Se conoce como maldición generacional a los pecados,


o consecuencias de pecados, que heredamos de los
padres. Es decir, que los hijos podemos estar
practicando un pecado que nos ha llegado como una
atadura espiritual, o que estamos sufriendo los efectos
de un pecado como una herencia de nuestros padres.
Estas consecuencias también pueden llegar en formas
de adicciones y diversas enfermedades. Un sector de la
iglesia que enfatiza en este tema suele motivar a los
creyentes a hacer una evaluación retrospectiva e
investigar los pecados de sus progenitores. Enseñan
que puede que esa sea la razón de que un pecado o un
patrón pecaminoso persista en sus vidas. También
enseñan que los constantes problemas, las frecuentes
enfermedades, y las permanentes crisis financieras
pueden ser expresiones de una maldición generacional.
En simples palabras, una maldición generacional
apunta a las consecuencias que podemos estar
pagando por los pecados de un antepasado.
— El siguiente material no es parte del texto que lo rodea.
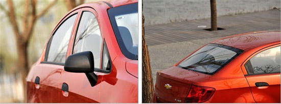 顯然,新賽歐的外形屬于很規(guī)矩的那一類。在它的身上,你能夠找到雪佛蘭現(xiàn)今主打的家族特征。特別是那個(gè)帶著金領(lǐng)結(jié)的前臉,活脫一個(gè)小號(hào)科魯茲,如果是琥珀橙(測(cè)試車的顏色)或者皓空藍(lán)配色車型的話,不僅看上去很協(xié)調(diào),而且不乏時(shí)尚感,包括大燈在內(nèi)的細(xì)節(jié)造型甚至比定位稍高的樂風(fēng)還要更精神、更年輕一些。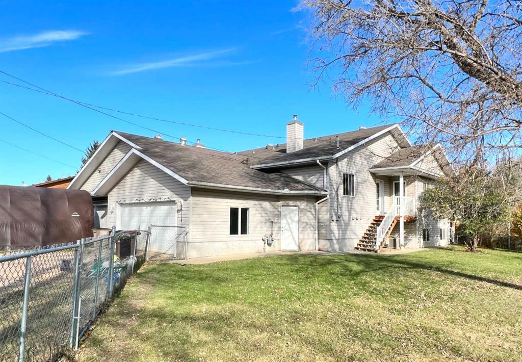 Enjoy a country setting in town limits. This affordable family home is within walking distance to all amenities. Corner lot borders the Muskeg Creek with trail system, and only a short walk to LTIS Intermediate School. Half duplex built in 2007 with over 2000 sq ft of finished living space, open design with vaulted ceiling. 2 bedrooms and 2 bathrooms on the main level. Primary bedroom has a spacious ensuite with shower and walk-in closet, with a view of the creek. You could leave you window open and let the sound of the water put you to sleep. Finished basement has a family room, 2 more bedrooms, bathroom and large storage room. Plenty of extra storage with additional closets, cubbies and pantry. Be sure to step out on the deck to listen to the creek below. Double attached garage is finished. Yard is fully fenced.

Si ese es el caso, el creyente entonces no podrá librarse
de esa condición a menos que se le practique
liberación. Es decir, una sesión de oración, imposición
de manos, y hasta una confesión por parte del afectado,
para romper la atadura. En algunos casos, estas
liberaciones, que pueden durar varias horas, se llevan
a cabo en los templos al final de los servicios
dominicales, en retiros espirituales, o en casas como
parte de una consejería.
¿De dónde proviene esta enseñanza?
El texto bíblico más utilizado como soporte para esta
enseñanza se encuentra en Éxodo 20, como parte de los
10 Mandamientos que recibió Moisés el monte Sinaí:
“No los adorarás ni los servirás. Porque Yo, el Señor tu
Dios, soy Dios celoso, que castigo la iniquidad de los
padres sobre los hijos hasta la tercera y cuarta
generación de los que Me aborrecen” (Éx. 20:5). La
misma advertencia se repite luego en Deuteronomio
5:1-11.
Por tal razón, hagamos el esfuerzo de observar la
enseñanza de este pasaje, para así poder entender
cómo nos compete a los creyentes hoy.
Entendiendo mejor Éxodo 20:4-5
Es claro que las consecuencias del pecado de la
idolatría eran terribles, y el Señor quiso crear esta
consciencia en el pueblo. Entonces, ¿qué quiere decir
que Dios visitará la maldad de los padres sobre los hijos
hasta la tercera y cuarta generación?
Lo que debemos entender de este texto es que se trata
de un principio, y no de una condición irreversible. Es
decir, esto no debe ser comprendido como una
sentencia definitiva que condenaba sin esperanza a
hijos de padres pecadores. El principio es que habrían
consecuencias por la maldad, y esas consecuencias
afectarán también a los hijos. Pero esto no
era un absoluto, en el sentido de que los pecados de los
padres serán condiciones irreversibles para los hijos.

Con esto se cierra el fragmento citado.